JORGE SÁNCHEZ DE CASTRO.
Un gurú de la red me preguntó hace poco algo parecido a esto: ¿Por qué si hemos decretado la muerte de Dios y de las leyes morales universales nos dejamos gobernar por unas estructuras de poder que nunca en la historia han sido tan poderosas ni han estado tan sacralizadas? Le contesté que precisamente por ello, pero creo que el interés de la pregunta merece la pena ampliar la respuesta.
El motivo del crecimiento consentido del Poder tiene su causa directa en la idea de que, desaparecida toda creencia trascendente, la política puede hacer realidad una supuesta voluntad general, que por ser voluntad del hombre y general, sólo puede ser buena, bella y verdadera para cada uno de nosotros.
A esta idea convertida en creencia en sentido orteguiano, nos aferramos como última posibilidad de salvación.
Y es tanto la creencia como la intuición de que realmente puede ser la última, lo que convierte al Poder en un Dios humano al que todo se sacrifica porque de él se espera nada más y nada menos que la continuidad de una vida digna de tal nombre. En estas condiciones la idea de oposición o resistencia al Poder es simplemente absurda, no tanto porque sea irresistible, que lo es, sino porque se constituye en la única fuente productora de sentido para inmensas mayorías.
Pero hay algo más. Se trata de una creencia cuya realización queda al alcance de todos, de cualquiera. Hasta no hace tanto el Poder era una emanación divina que concernía de manera exclusiva a los monarcas, absolutamente intangible para el resto de los hombres. Instalada la forma de Gobierno que dicen democrática no hace falta tener sangre azul para disfrutar del Poder. Ayer era suficiente ser Concejal de Urbanismo de alguno de los miles de municipios del país para merecer su gracia, hoy ni siquiera: basta ser nombrado asesor, con catorce pagas, del mismo Concejal de Ordenación del Territorio (eufemismo que evita mentar la bicha del Urbanismo rampante).
Y es que cuando las uvas maduras del Poder se encuentran tan cerca de la mano, quién se va a preocupar por sus malas artes, por sus desmanes si al fin y a la postre en breve serán nuestros abusos, nuestros desfalcos. “Hoy por ti mañana por mí” es la consigna. Pásalo Este aumento exponencial de las posibilidades de alcanzar el Poder entroniza la auténtica ideología “new age”: el oportunismo. Así hemos pasado de la “democracia popular” al Estado de Partidos. O lo que es igual, del socialismo a los infinitos Concejales de Urbanismo.
Vivimos en el dogma de que existe (o debe existir) una voluntad general representada por el Estado benefactor como última creencia salvífica que efectivamente redime a miles y miles cada cuatro años o menos. Y eso es todo, pues no hay mucho más que explicar acerca de las causas del crecimiento consentido, incontrolado del Poder. Todo lo demás es contemplar la caída en el precipicio de los no ungidos por el nuevo Altísimo.

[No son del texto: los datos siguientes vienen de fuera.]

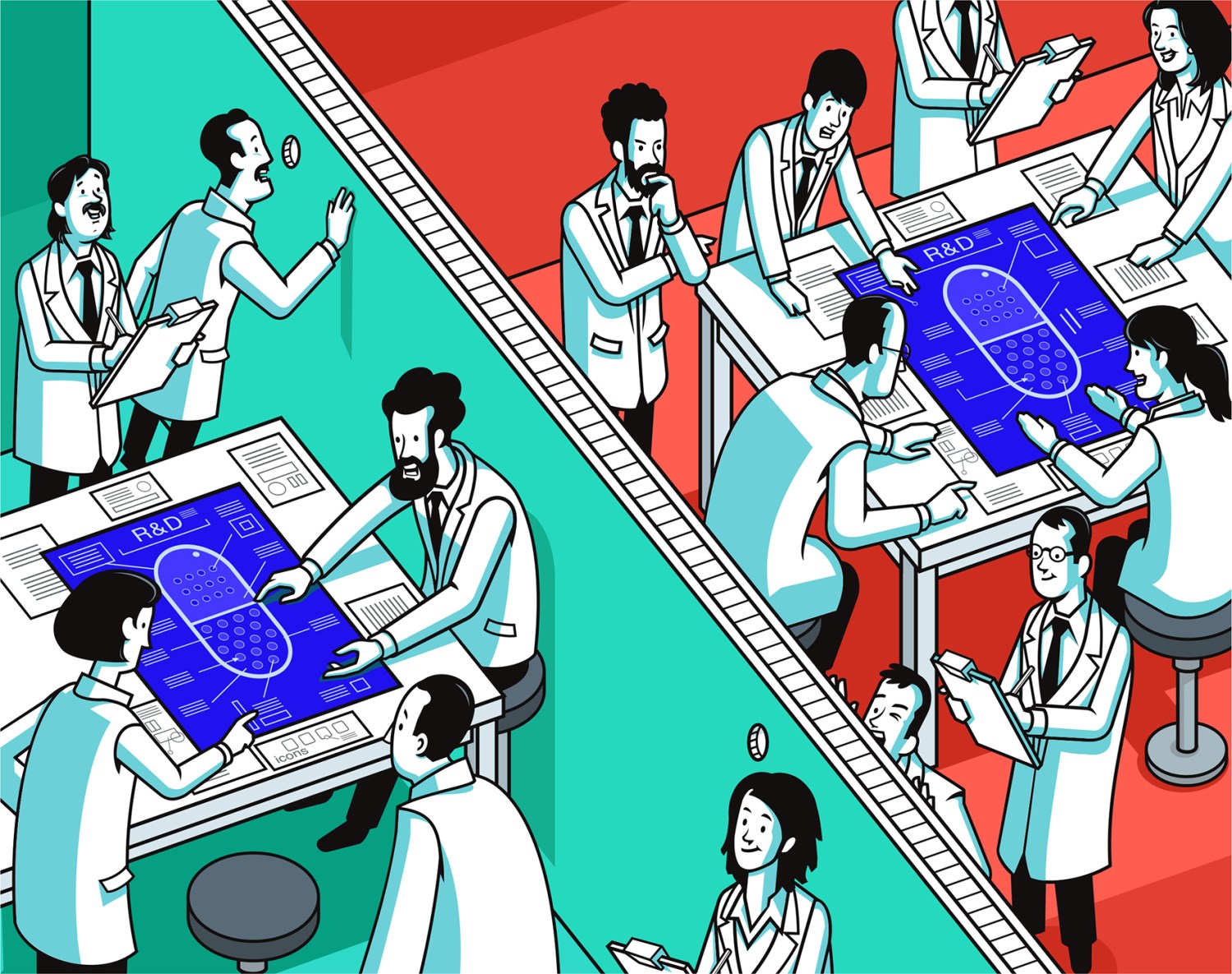 Large pharmaceuticals and keeping up with the competition. Drug / Medicine development similarities and coincidences. Medical editorial illustration concept.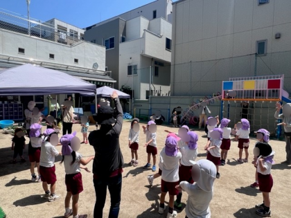 ふじ組さんがおもてなしをしてくれて、砂場や、色水遊び、スーパーボールすくいをして遊びました。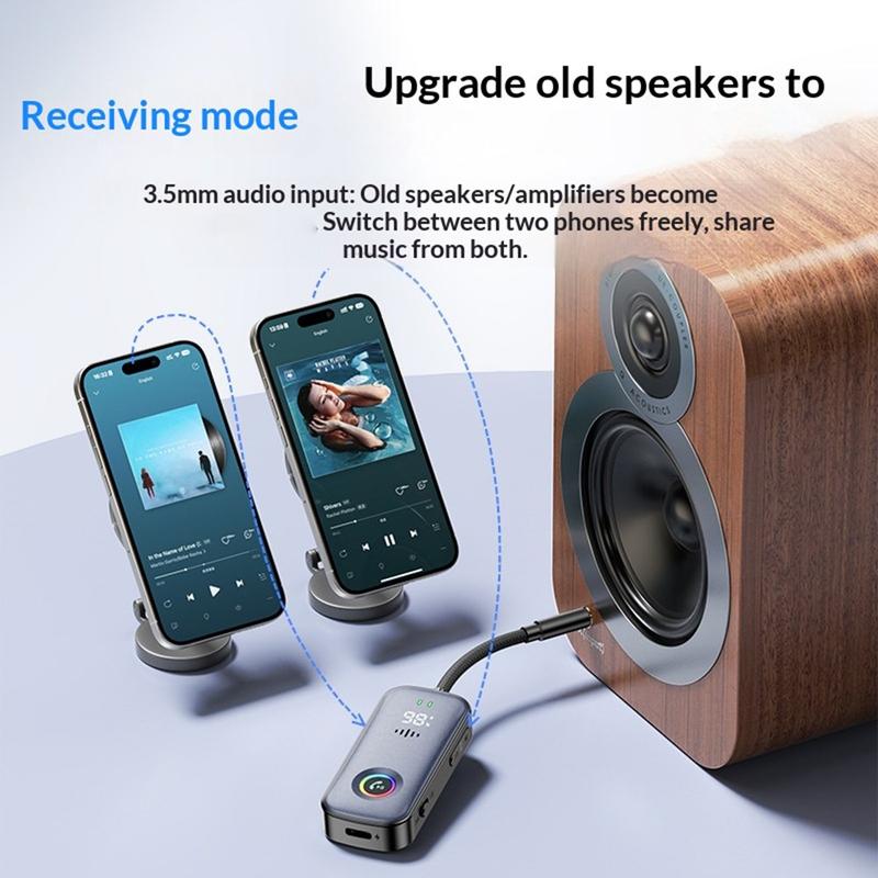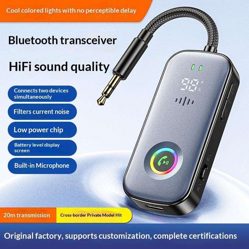 A6 Pro Car Bluetooth Audio Receiver and Transmitter / Bluetooth 5.2 AUX Adapter with RGB Lighting

El precipicio de trocar libertad por el anhelo de participar en el Poder. Cuando no cabía ni siquiera soñar con intervenir en el Poder, la máxima ambición era proteger la libertad frente a los abusos del Poder. Hoy no, hoy nadie quiere libertad sino mangonear en algún cajón del Estado y vivir de lo que encuentre, hoy un expediente sin decidir, mañana un reglamento a medio terminar. ¿Y al no haber voluntad de resistirlo para preservar la libertad, quién se opone a la desmesura del Poder?

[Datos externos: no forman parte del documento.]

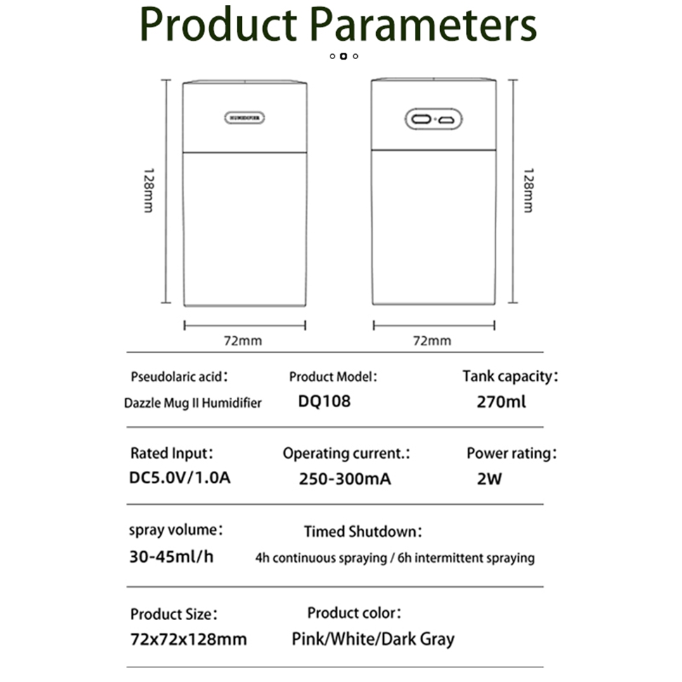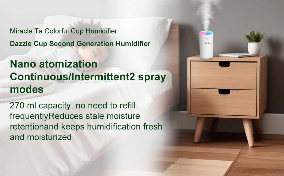 the second generation humidifier is approximately 270 ml; two spray modes: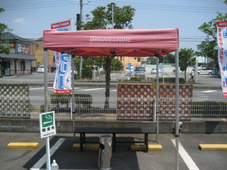 この日差しの強すぎで、喫煙コーナーのテントが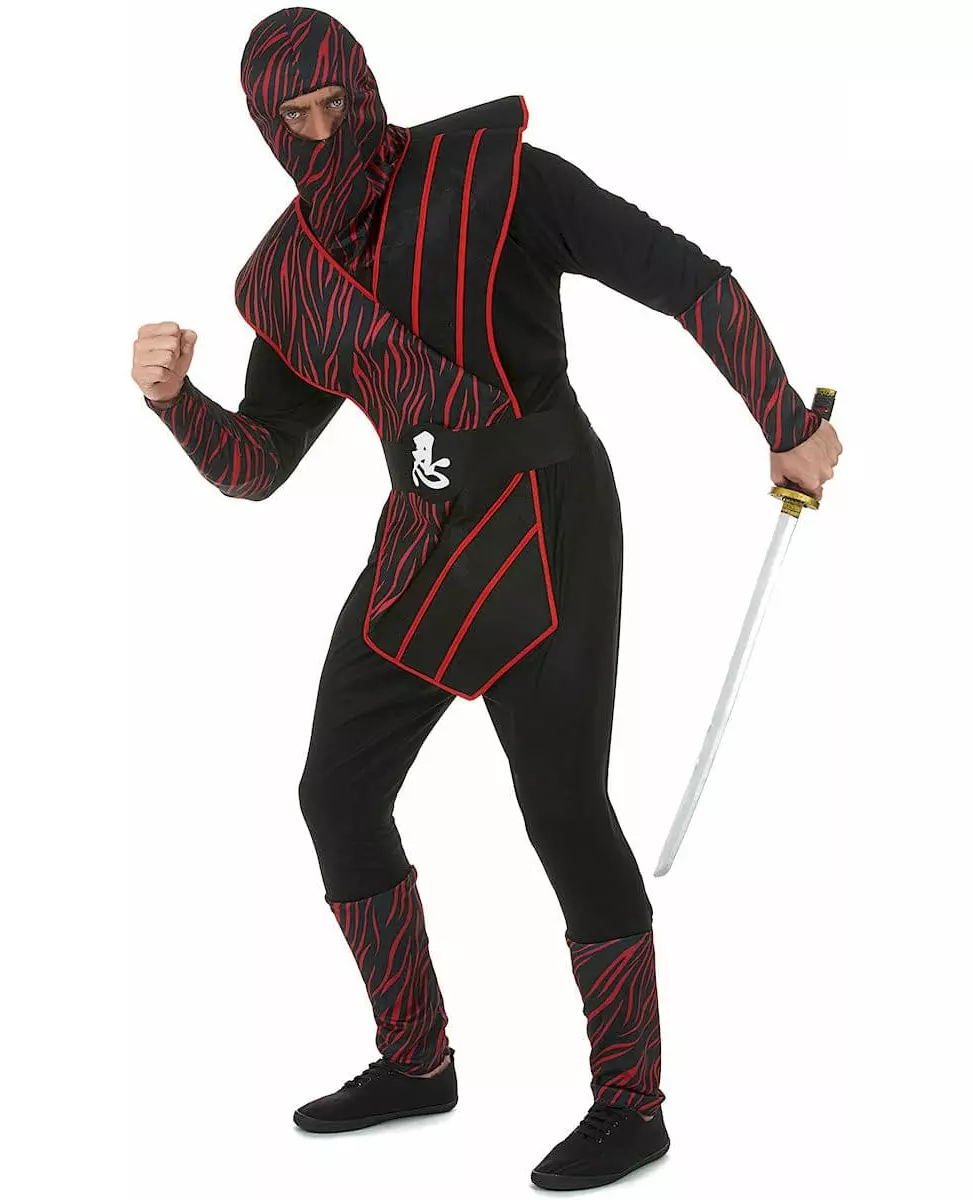 Stille som et udyr Dette ninjakostymet for menn inkluderer en topp, bukser, et belte, en brystbeskytter og en hette (sabel og sko er ikke inkludert). Toppen og buksene er laget av mykt, svart stoff sydd med rødstripete innlegg i endene. Den elastiske linningen på buksene sikrer optimal komfort når de brukes. Brystbeskytteren og beltet som skal knytes bak er laget av tykk filt. Rustningen vil bli tilpasset takket være beltet. Hetten har samme stripete trykk og vil dekke hele hodet bortsett fra øynene. Dette ninjasettet vil gjøre deg formidabel på karnevalsdagen, for eksempel, eller til en forestilling. Ingen vil kjenne deg igjen, det kan du være sikker på!. Inkludert tilbehør: Hette Topp Bukser Rustning Belte Materiale: 100 % polyester Stell: Håndvaskbar Målinformasjon: For en størrelse L, brystbeskytter på ca. 88 cm og bukser på ca. 110 cm

El precipicio de la destrucción de la Ley y su sustitución por el Estado de Derecho. El imperio de la Ley garantizaba que ni el Poder podía modificarla. Por tanto aquélla era un escudo protector contra las arbitrariedades de éste. Pero con la legitimidad que le daba ser el custodio de la voluntad popular, el Poder dejó de respetar la Ley si consideraba que impedía el cumplimiento de su simpar función. El resultado es el Estado de Derecho, un océano de reglas, el lenguaje del Poder, aquí y en Cuba.